Effects induced by the electrical stimulation of the nucleus raphe dorsalis upon hypothalamic release of 5-hydroxyindole compounds and sleep parameters in the rat.

Electrical stimulation (30 min; pulse 0.5 ms, 150 microA, 20 Hz) of the antero-dorsal part of the nucleus raphe dorsalis (n.RD) induces in the basal hypothalamus (n. arcuate and surrounding areas) a large axonal release of 5-hydroxyindole compounds (5-OHLes; about +300%) measured by means of voltammetric technique. During such a release, evidence for a direct detection of serotonin (5-HT) is reported. The above stimulation induces also marked aversive behaviors together with prolonged polygraphic arousal. Three hours later, a significant paradoxical sleep (PS) rebound occurs. Both the 5-OHLes release and the PS rebound observed after n.RD stimulation are suppressed by a p-chlorophenylalanine (PCPA) pretreatment of the animals. The 5-HT-hypnogenic factor dependence of the PS rebound observed after n.RD stimulation is discussed.

Detection of the release of 5-hydroxyindole compounds in the hypothalamus and the n. raphe dorsalis throughout the sleep-waking cycle and during stressful situations in the rat: a polygraphic and voltammetric approach.
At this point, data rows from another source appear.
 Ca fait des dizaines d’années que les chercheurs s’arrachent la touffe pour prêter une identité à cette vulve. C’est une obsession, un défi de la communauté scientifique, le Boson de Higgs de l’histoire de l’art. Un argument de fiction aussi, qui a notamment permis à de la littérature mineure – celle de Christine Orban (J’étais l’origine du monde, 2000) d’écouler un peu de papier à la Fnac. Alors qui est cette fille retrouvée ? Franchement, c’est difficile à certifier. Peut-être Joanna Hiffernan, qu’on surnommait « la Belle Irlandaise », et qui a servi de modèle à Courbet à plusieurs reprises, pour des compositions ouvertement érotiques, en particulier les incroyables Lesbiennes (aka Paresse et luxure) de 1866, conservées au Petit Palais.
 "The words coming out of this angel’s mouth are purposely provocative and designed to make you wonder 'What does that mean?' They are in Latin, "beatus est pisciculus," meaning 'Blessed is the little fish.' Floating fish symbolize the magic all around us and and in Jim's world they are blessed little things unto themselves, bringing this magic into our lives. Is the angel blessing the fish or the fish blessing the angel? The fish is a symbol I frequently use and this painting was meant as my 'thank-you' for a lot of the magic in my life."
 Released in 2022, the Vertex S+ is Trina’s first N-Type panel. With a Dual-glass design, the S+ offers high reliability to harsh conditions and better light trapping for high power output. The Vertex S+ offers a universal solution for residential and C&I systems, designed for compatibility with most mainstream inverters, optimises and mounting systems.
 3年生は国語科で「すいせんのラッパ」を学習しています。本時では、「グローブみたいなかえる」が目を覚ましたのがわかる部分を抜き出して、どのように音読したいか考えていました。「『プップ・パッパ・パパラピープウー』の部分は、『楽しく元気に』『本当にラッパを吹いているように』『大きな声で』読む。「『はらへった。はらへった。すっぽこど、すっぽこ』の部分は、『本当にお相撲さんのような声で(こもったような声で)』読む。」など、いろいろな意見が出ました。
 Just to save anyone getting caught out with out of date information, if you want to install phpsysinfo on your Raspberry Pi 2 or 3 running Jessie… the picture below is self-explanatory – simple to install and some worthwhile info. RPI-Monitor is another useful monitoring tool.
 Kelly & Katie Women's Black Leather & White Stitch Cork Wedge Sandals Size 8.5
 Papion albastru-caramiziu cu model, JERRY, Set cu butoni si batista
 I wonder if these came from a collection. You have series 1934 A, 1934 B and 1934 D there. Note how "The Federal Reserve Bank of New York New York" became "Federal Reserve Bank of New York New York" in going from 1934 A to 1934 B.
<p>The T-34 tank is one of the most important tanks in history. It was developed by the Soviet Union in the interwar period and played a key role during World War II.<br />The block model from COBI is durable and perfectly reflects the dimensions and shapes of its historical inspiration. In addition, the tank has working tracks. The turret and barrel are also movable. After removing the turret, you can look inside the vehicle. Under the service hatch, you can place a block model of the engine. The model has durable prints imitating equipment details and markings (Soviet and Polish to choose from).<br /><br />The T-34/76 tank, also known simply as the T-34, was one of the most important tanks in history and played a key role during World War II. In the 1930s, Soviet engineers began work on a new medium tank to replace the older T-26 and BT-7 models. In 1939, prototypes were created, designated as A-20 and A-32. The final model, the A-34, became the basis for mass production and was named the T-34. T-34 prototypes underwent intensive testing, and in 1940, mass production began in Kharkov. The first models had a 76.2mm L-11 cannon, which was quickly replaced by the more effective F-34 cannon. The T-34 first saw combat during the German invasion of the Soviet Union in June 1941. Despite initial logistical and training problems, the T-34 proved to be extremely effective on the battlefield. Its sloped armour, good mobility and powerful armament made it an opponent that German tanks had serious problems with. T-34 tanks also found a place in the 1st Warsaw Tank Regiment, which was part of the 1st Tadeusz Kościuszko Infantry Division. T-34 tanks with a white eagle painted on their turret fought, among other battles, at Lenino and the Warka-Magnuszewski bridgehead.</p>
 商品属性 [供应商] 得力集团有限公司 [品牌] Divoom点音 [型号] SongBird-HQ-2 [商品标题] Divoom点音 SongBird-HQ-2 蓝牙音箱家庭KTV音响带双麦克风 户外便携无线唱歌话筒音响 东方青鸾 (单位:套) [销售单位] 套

In the present work, voltammetric method combined with polygraphic recordings were used in animals under long-term chronic conditions; the extracellular concentrations of 5-hydroxyindole compounds (5-OHles) and in particular 5-hydroxyindoleacetic acid (5-HIAA) were measured in the hypothalamus and in the nucleus Raphe Dorsalis (n.RD). The hypothesis that extracellular detection of 5-HIAA, in animals under physiological conditions, might reflect serotonin (5-HT) release is suggested by the following observations: serotoninergic neurons are reported to contain only monoamine oxidase type B (MAO-B);--an inhibitor of such an enzyme, MDL 72145 (1 mg/kg), fails to decrease the extracellular 5-HIAA peak 3 height:--MAO type A is contained in non-5-HT cells or neurons;--only the inhibitor of this last type of enzyme (Clorgyline 2.5 mg/kg) induces a complete disappearance of the voltammetric signal. The 5-HIAA measured in the extracellular space thus comes from the 5-HT released and metabolized outside the 5-HT neurons. Throughout the sleep-waking cycle, 5-OHles release occurs following two different modes: 1--during sleep, in the vicinity of the 5-HT cellular bodies in the n.RD; this release might come from dendrites and be responsible for the 5-HT neuronal inhibition occurring during sleep; 2--during waking, at the level of the axonal nerve endings impinging on the hypothalamus; this release might be related to the synthesis of "hypnogenic factors". Finally, we have observed that in the hypothalamus, 30 min. of immobilization-stress (IS) induces a larger increase of the voltammetric signal (+80%) than a painful stimulation of the same duration (+30%); the possible link between the 5-OHles release occurring in this area during an IS and the subsequent paradoxical sleep rebound is discussed.